# HP Notebook RTC Batterie? sau teuer??



## rheumakay (5 Februar 2019)

Hallo, 

ich habe einen HP Laptop g6(private Nutzung). 
Nun zeigt er mir eine Meldung, dass die RTC Batterie leer sein soll.
Ich habe mal nach Ersatz gegoogelt...Batterie 637193-001

Die günstigste habe ich ab 52 Euro gefunden!! Ja spinnen die ?? Für eine Batterie?? 

Ich überlege mir, ob ich nicht eine herkömliche CR2032 nehme und diese  dann an die Kabel anlöte..ich finde bloß nichts über die Spannungsangabe  der HP-Batterie.Das wäre nochmal interressant. 

Oder wie seht ihr das?

Gruß Tom


----------



## DeltaMikeAir (5 Februar 2019)

Ich finde auch keine Spannungsdaten.
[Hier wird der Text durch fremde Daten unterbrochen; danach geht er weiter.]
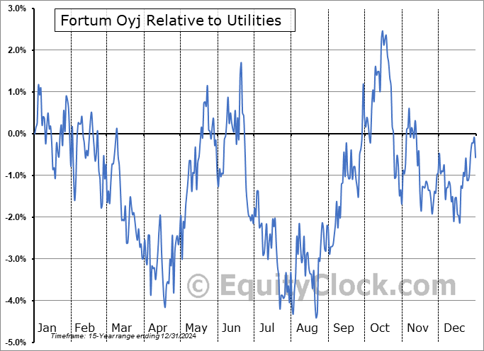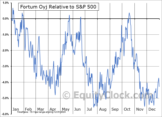 Analysis of the Fortum Oyj (OTCMKT:FOJCY) seasonal charts above shows that a Buy Date of July 22 and a Sell Date of October 15 has resulted in a geometric average return of 5.15% above the benchmark rate of the S&P 500 Total Return Index over the past 15 years. This seasonal timeframe has shown positive results compared to the benchmark in 11 of those periods. This is a good rate of success and the return strongly outperforms the relative buy-and-hold performance of the stock over the past 15 years by an average of 15.46% per year.
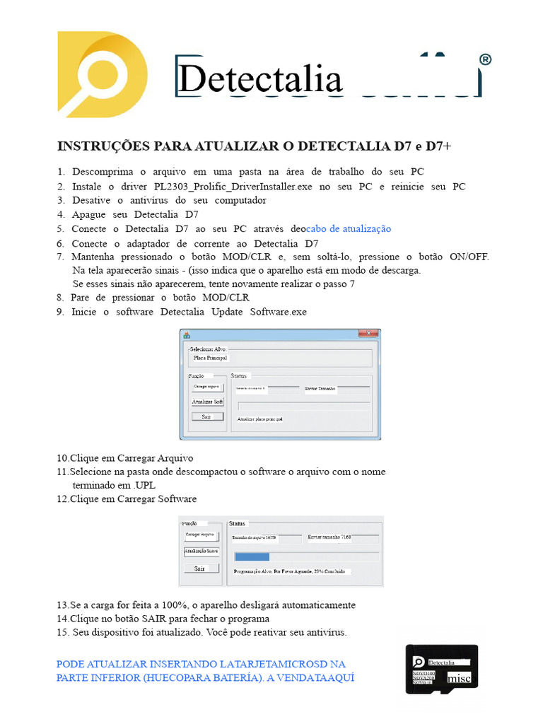Manual de Atualização Detectalia D7 e D7+ | PDF
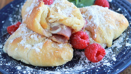 Unroll dough; separate into 8 triangles. Spoon 1/2 tablespoon raspberry jam on wide end of each triangle. Top each with ham and cheese. Carefully fold edges of triangles into center, pinching edges closed and gently forming dough into triangle over filling. Place on ungreased cookie sheet.
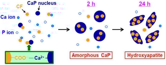 Schematic showing the formation of CF-immobilized CaP particles in the supersaturated CaP solution.
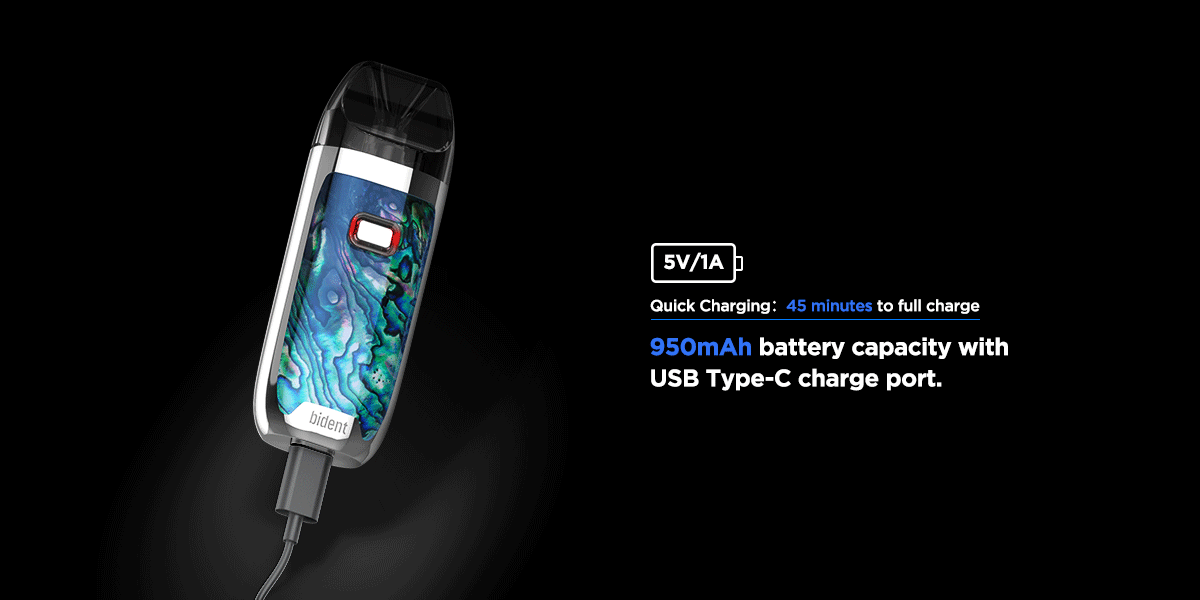 Geek Vape BIDENT Pod Sistemi,büyük bir batarya kapasitesi ile karşınızda.950 mAh batarya kapasitesi gün boyu kullanım için üretilmiş olan bident pod hafif ve naif tasarımı ile oldukça dikkatleri üzerine çeken bir cihazdır. Dayanıklı çinko alaşımından inşa edilen BIDENT'in dış profili görsel olarak dikkat çekicidir ve 3 kademeli bir güç çıkışı sağlayan dahili Micro AS Chipset mevcuttur. Yüksek performansı sayesinde ise salt likitlerin aroma ve buhar performansı oldukça yüksek ve verimli olmaktadır. İkili bobin teknolojisini kullanan BIDENT,sırasıyla 0.6ohm ve 1.2ohm DTL ve MTL Coilleri kullanılabilmektedir.
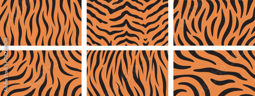 Obraz premium Six unique tiger skin print patterns, various styles Vector Art.
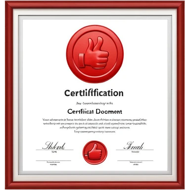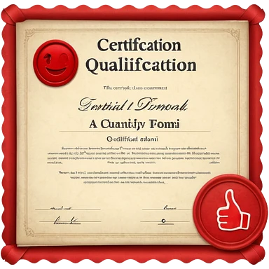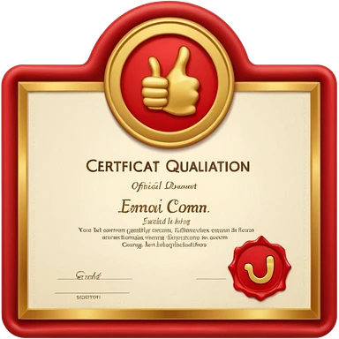 A simple emoji of a certificate document with a seal and a thumbs-up symbol, representing qualification or certification emoji
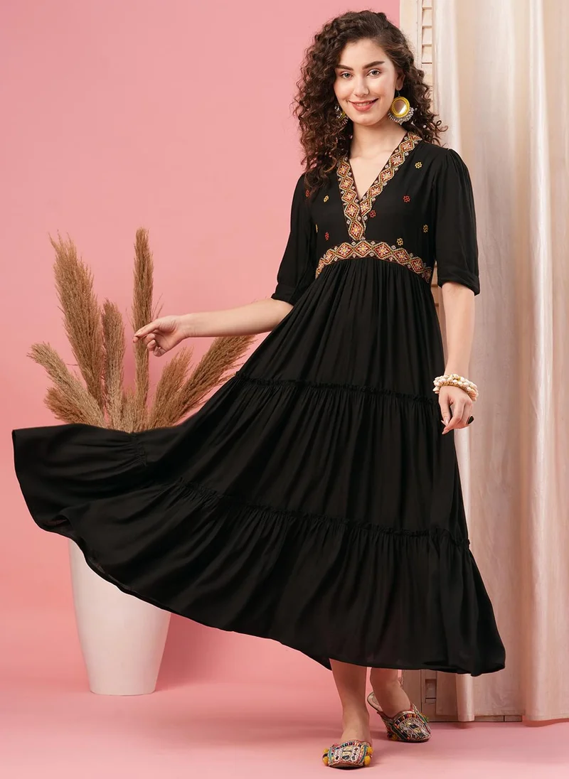 Globus Women Embroidered V-Neck Puff Sleeves Gathered & Tiered A-Line Midi Festive Dress
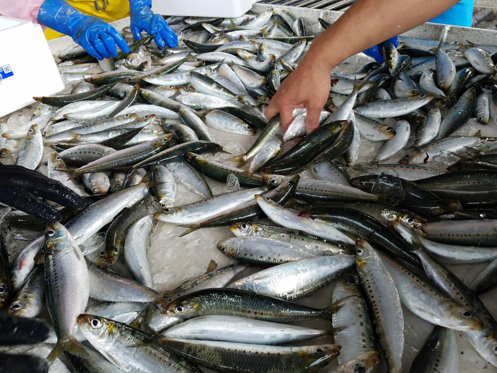 大羽、中羽イワシ、仕分けします。
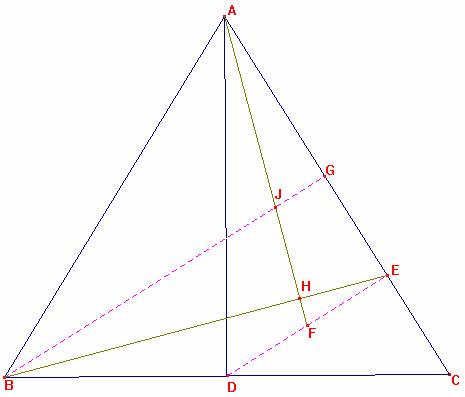 Por ello DE es una paralela media y el pie E equidista de G
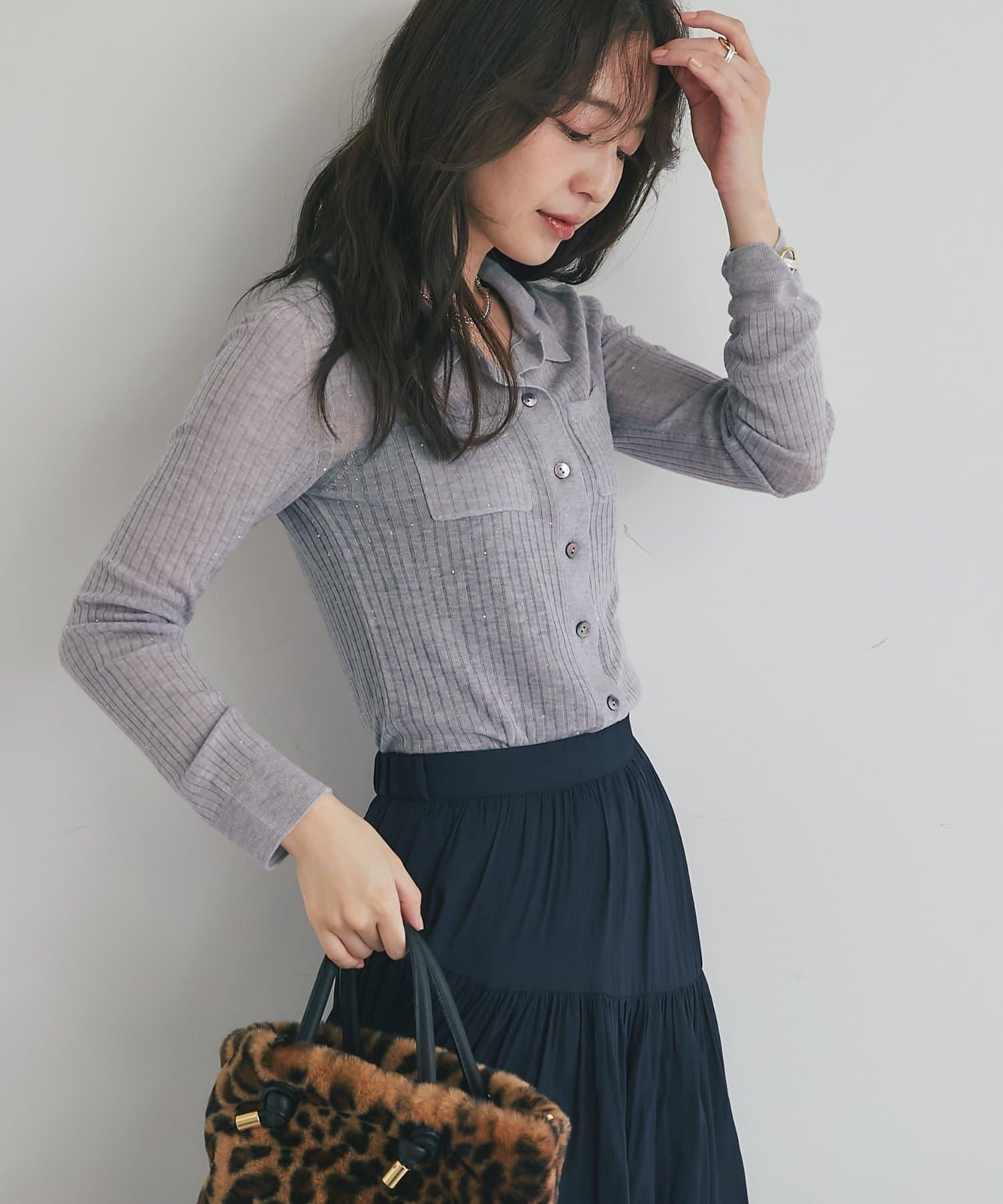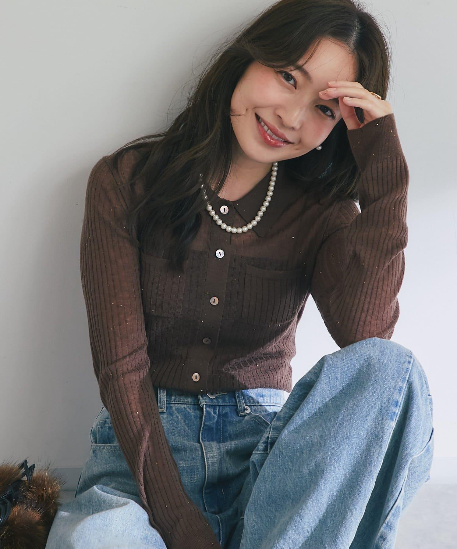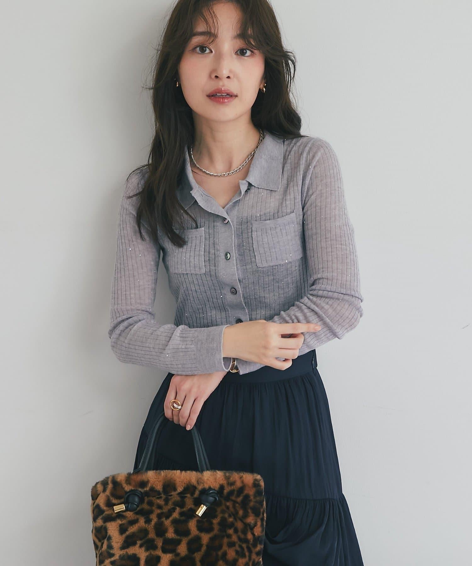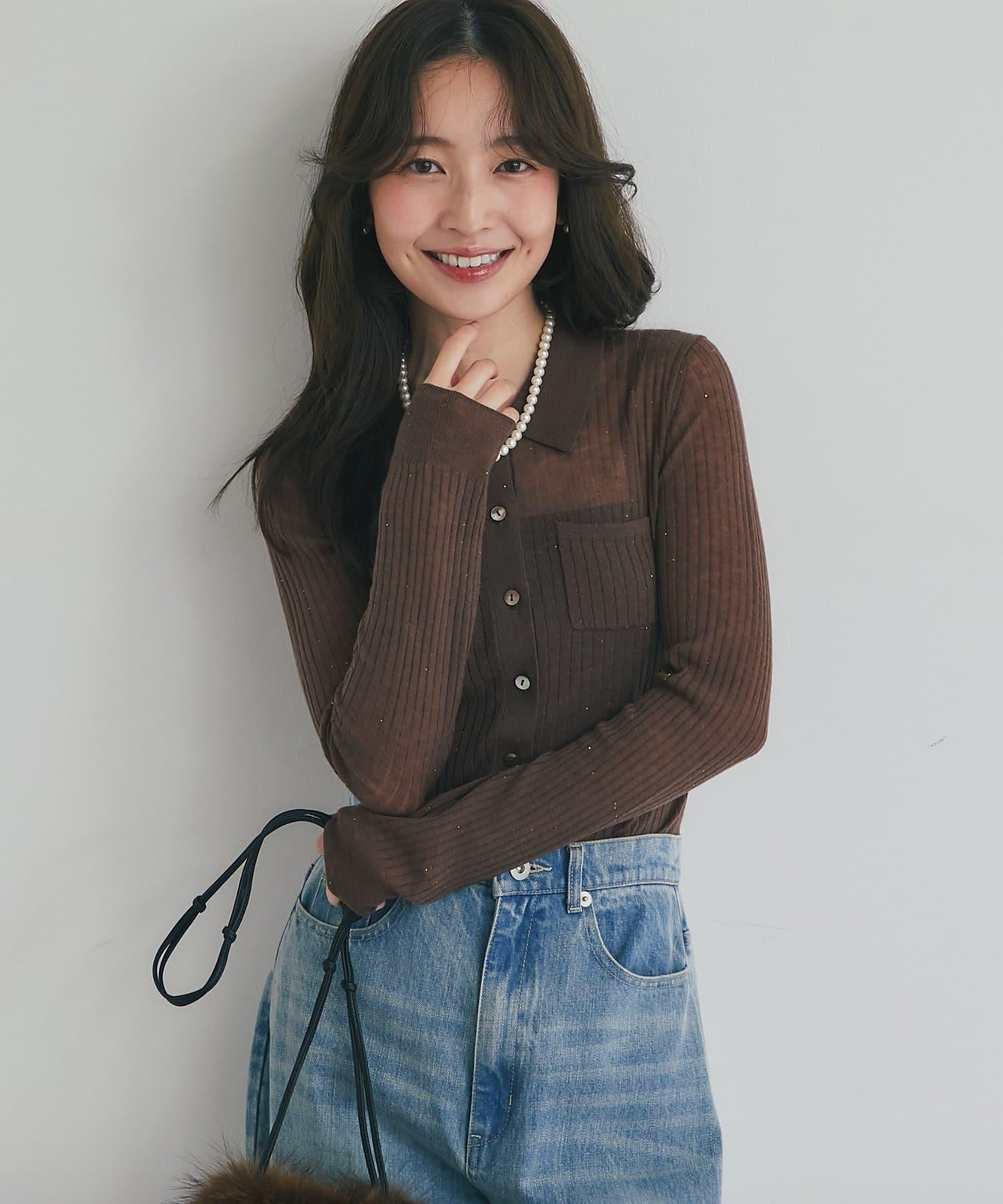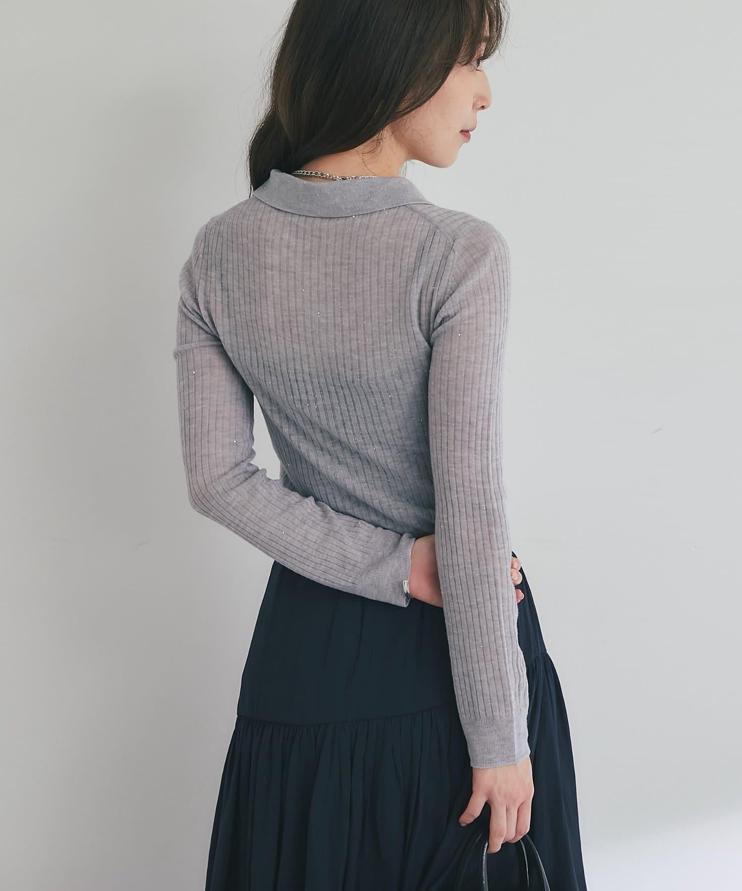 【成熟感透視針織衫】透視亮片翻領羅紋針織衫

Ich würde einfach man den Schrumpfschlauch aufschneiden und nachsehen
CR2032 gibt es auch mit Lötfahnen.


----------



## rheumakay (5 Februar 2019)

Ja genau
..mit dem löten bekomme ich schon hin..ein bißchen anrauhen..dann haften die Litze besser


----------



## rheumakay (8 Februar 2019)

Hallo,
ich habe mittlerweile die batterie ausgebaut und den Schrumpfschlauch aufgeschnitten :
Es ist eine stinknormale CR2032 (siehe Anhang)
Ich habe allerdings auch die Spannung nachgemessen : 3,2V (zuvor einmal kurzgeschlossen um die batterie zu belasten)
Also ist diese noch völlig OK.

Mal schauen ob die Anzeige jetzt wieder kommt (habe die alte wieder eingebaut)
Im Laptop die aktuelle Spannung ablesen kann man nicht ?Oder?

Habt ihr sonst noch Tips oder Anregungen?

Gruß Tom


----------



## Senator42 (8 Februar 2019)

der Schurumpfschlauch ist das teure *vde*


----------